My first approach to tackle this problem was to determine the base cases. If we had a string of length 2, we would want to return the non-y components (or empty string if both characters were 'y'). If we had a string of length 1, we would return it if it is not a 'y'.

So the first part should look like this:

def longestNoY(string, start, end):
     #Conquer
     if start == end:
          if string == 'y': return ''
          return string
     if start + 1 == end:
          if string == "yy": return ''
          if string[0] == 'y': return string[1]
          return string[0]
     ....

Next, I knew that I would need to recursively call the function for each half of the parent string. I also knew that I wanted the function to return the longer of the two children, except if the sum of the lengths of the two children was equal to the length of the parent, then the function should return the parent because there were no 'y's in the children.

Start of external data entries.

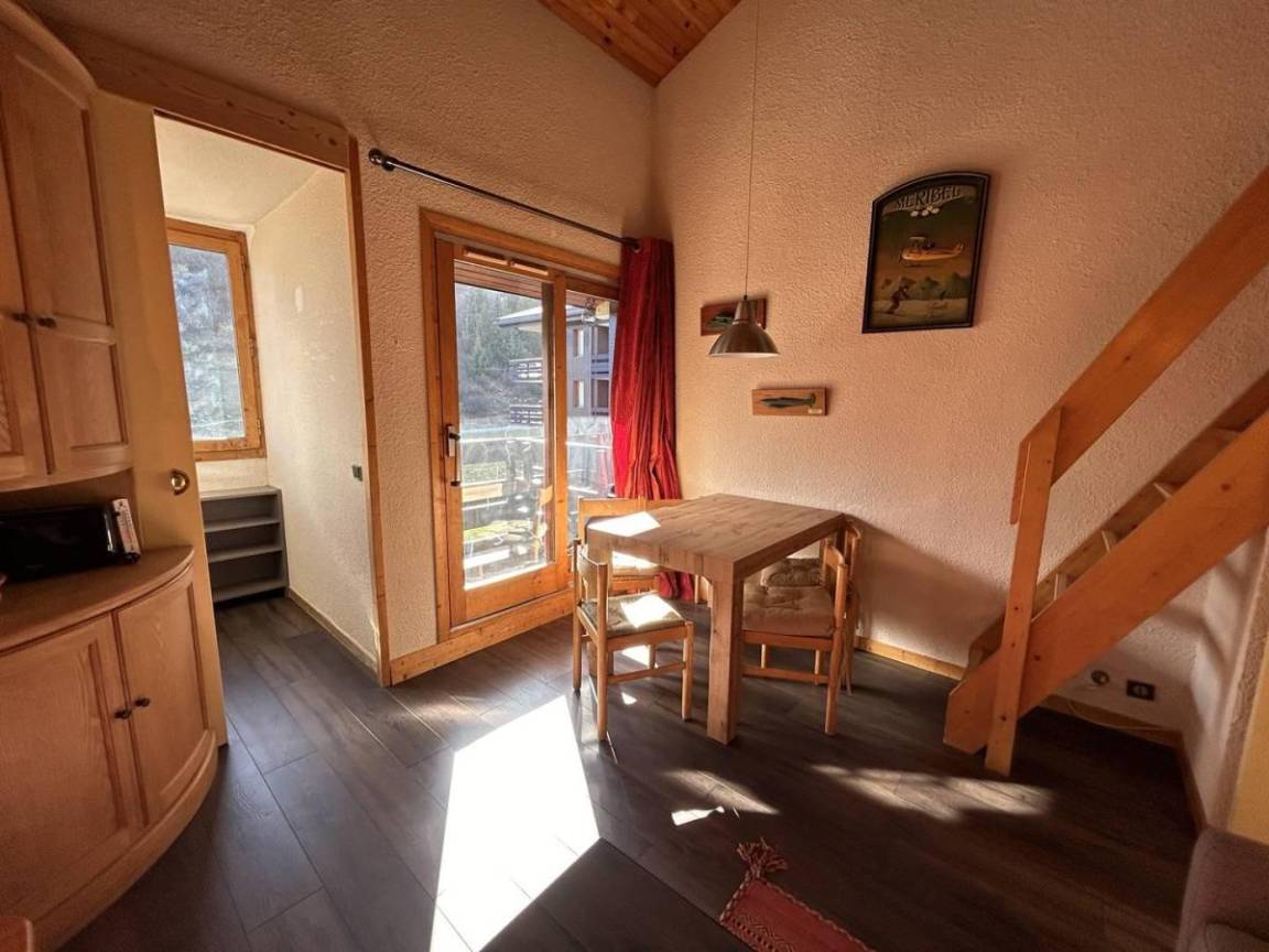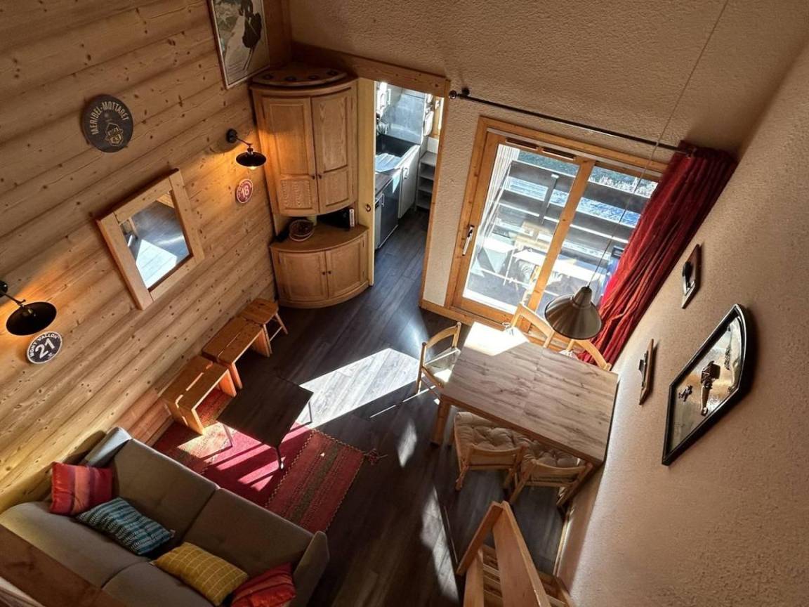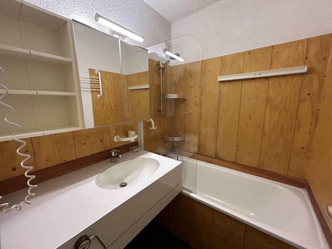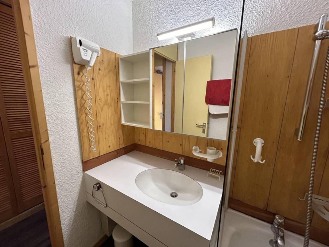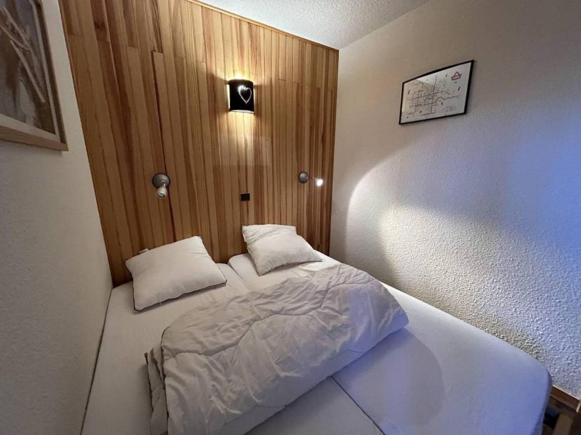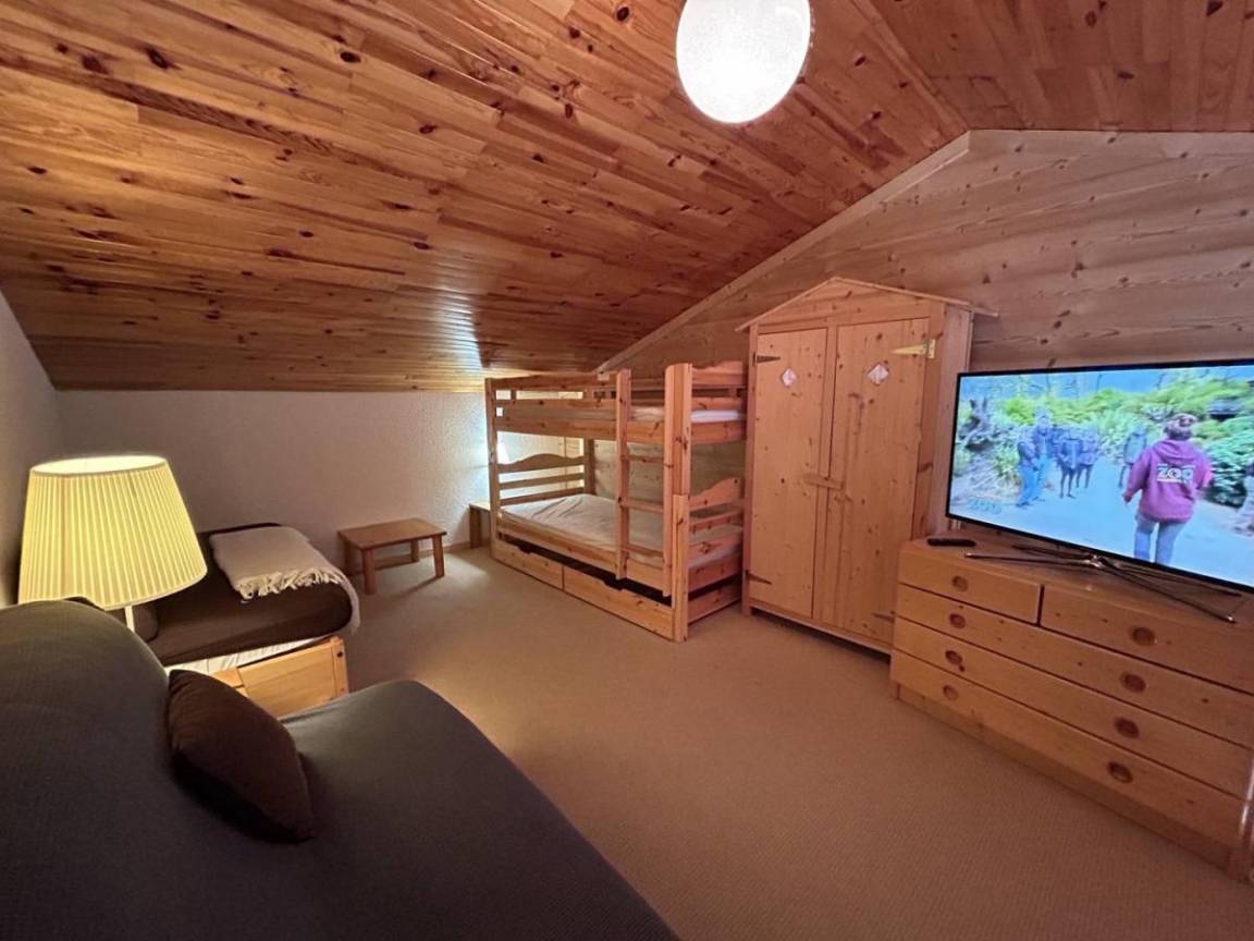 Fläche von ungefähr 38 m². 5te Etage. Orientierung : Nord, Süd. Blick skipisten. Diele. Wohnzimmer mit Klappschlafcouch. Schlafzimmer mit 2 Einzelbetten (80x190). Zwischengeschoss mit Klappschlafcouch, Ausziehschlafcouch für 2 Personen, 2 Stockbetten. Küche mit Raclettegerät, Wasserkocher, Kaffeemaschine, kleiner Backofen mit Mikrowellenfunktion, Toaster, Geschirrspülmaschine, Glaskeramikkochfelder, Kühlschrank. Badezimmer. WC. Balkon. Die oberen Betten sind nicht für Kinder unter 6 Jahren geeignet.
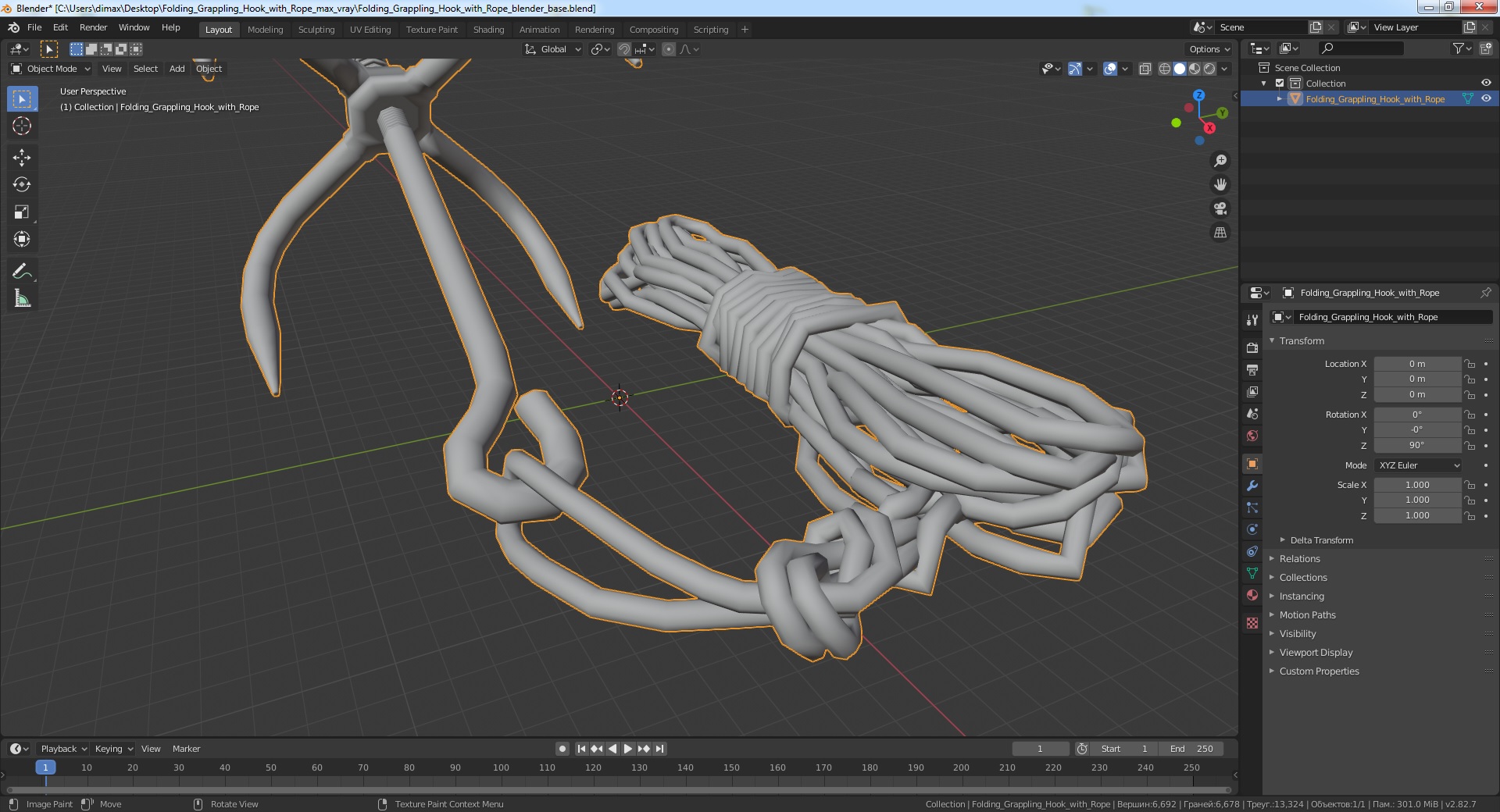Folding Grappling Hook with Rope is a high quality, photo real 3d model that will enhance detail and realism to any of your rendering projects. The model has a fully textured, detailed design that allows for close-up renders, and was originally modeled in 3ds Max 2020 and rendered with V-Ray. Renders have no postprocessing!
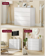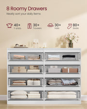 Designed with a clean white finish and 8 drawers, it's the perfect blend of practicality and modern charm for any home. Ideal for storing clothes, accessories or everyday essentials while doubling as a sleek display surface.
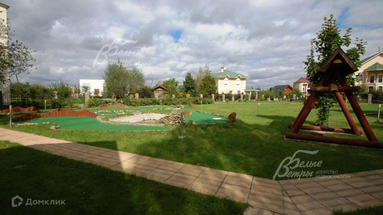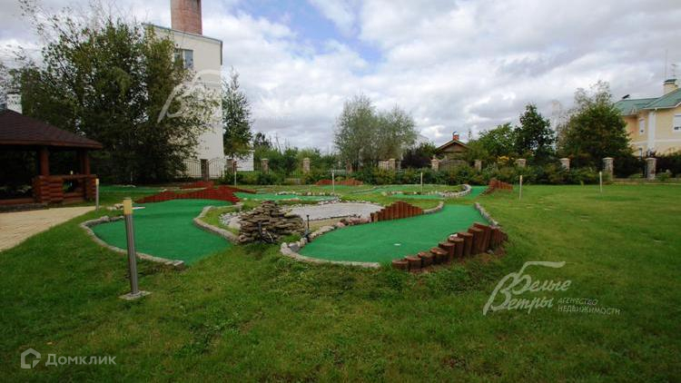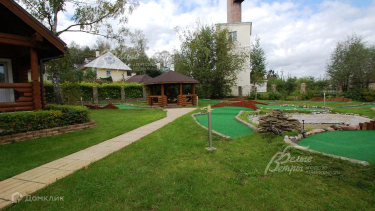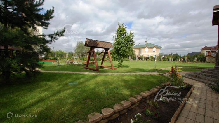 Благоустройство участка: проведен ландшафтный дизайн: дорожки вымощены камнем, стилизованым под доску, по фасаду забора посажена живая изгородь, поле для минигольфа, установлены декоративный колодец и собачья конура. \nСтатус земли: земли поселений, для ижс.
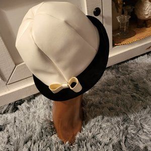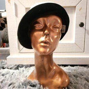 Vintage Woman's Hat/Cap/Fedora in White Faux Leather Black Faux Fur ~Union Made
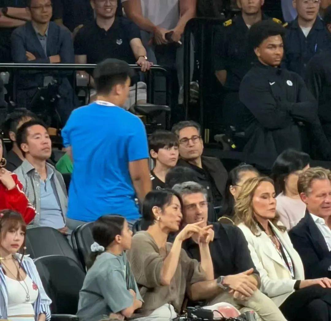 梁朝伟和刘嘉玲也一同到场观赛,梁朝伟在场内显得有些拘谨,手握毛巾正襟危坐,一如既往的社恐。刘嘉玲则戴着篮网队帽子,热情地与周围名人交流,赛后两人还出现在澳门永利皇宫超跑展。
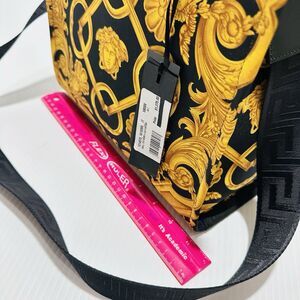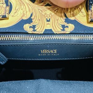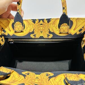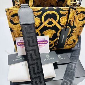 Elevate your style with this authentic Versace Medusa Medium Tote Bag, crafted in black and gold canvas cloth. The bag showcases the iconic Medusa prints, spacious interior, and the signature Greca shoulder strap for versatile wear. Perfectly sized for daily use, this luxury tote blends bold fashion with practical function.
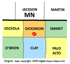 | current | ★ Approved revision 10:27, 7 May 2018 | 228 × 208 (16 KB) | Bethcottam (talk | contribs) | Map courtesy of [https://www.digital-topo-maps.com/county-map/iowa.shtmll]. Copyright 2005.<br> Category:Iowa Maps Category:Dickinson County, Iowa |
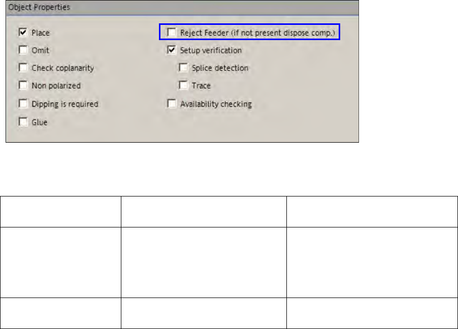 option has to be enabled for the component. If no reject conveyor is present, the component will be

    #Divide and Partial Implementation of Rejoin
    ....
    middle = (start + end) // 2
    leftString = longestNoY(string, start, middle)
    rightString = longestNoY(string, middle, end)
    if len(leftString) + len(rightString) == len(string): return string
    ....

The part I am having trouble with now would best be explained with an example:

0 1 2     3 4   5 6   7 8 
a b   y   d e | f y   h i
a b   y | d e | f y | h i
a b | y | d e | f y | h i 

The longest substring in the left side is either "ab" or "de", but we know that "de" is adjacent to an 'f' which would make "def" the longest. I don't know exactly how to carry on with this problem. Please do not give me a program to solve this problem.

4

There are 4 best solutions below

0
On BEST ANSWER

I think the best way to put the problem is to find the positions just before and just after y, not being y. This way you will find left and right ends of intervals. I do not give you the code, since you specifically asked as not to solve the problem for you, just point to the right direction, so:

  • In trivial cases (length of interval is 0) determine whether the item you have is a valid left end or right and of an interval
  • In non-trivial cases always halve the set to left and right (no problem if the number of items is odd, just put the middle somewhere) and issue the divide and conquer for them as well
  • In non-trivial cases always consider the best interval the left and right sub-problem gives you
  • In non-trivial cases make sure that if an interval happens to start in the left and end in the right, you take that into account
  • from such intervals, the one which has a greater length is better

These are the ideas you need to employ in order to implement the divide and conquer you desire. Happy coding!

2
On

It is possible. But then you each time need to return four values: the longest subsequence that starts at the left end of the "slice" (this can be zero), the longest subsequence "in the middle", the longest subsequence that ends at the right end of the "slice" (this can be zero as well), and if the string is just a sequence of non-Y characters (a boolean). The fourth element can in fact just be derived by checking if one of the elements in the first three is equal to the length, but this is probably easier to implement.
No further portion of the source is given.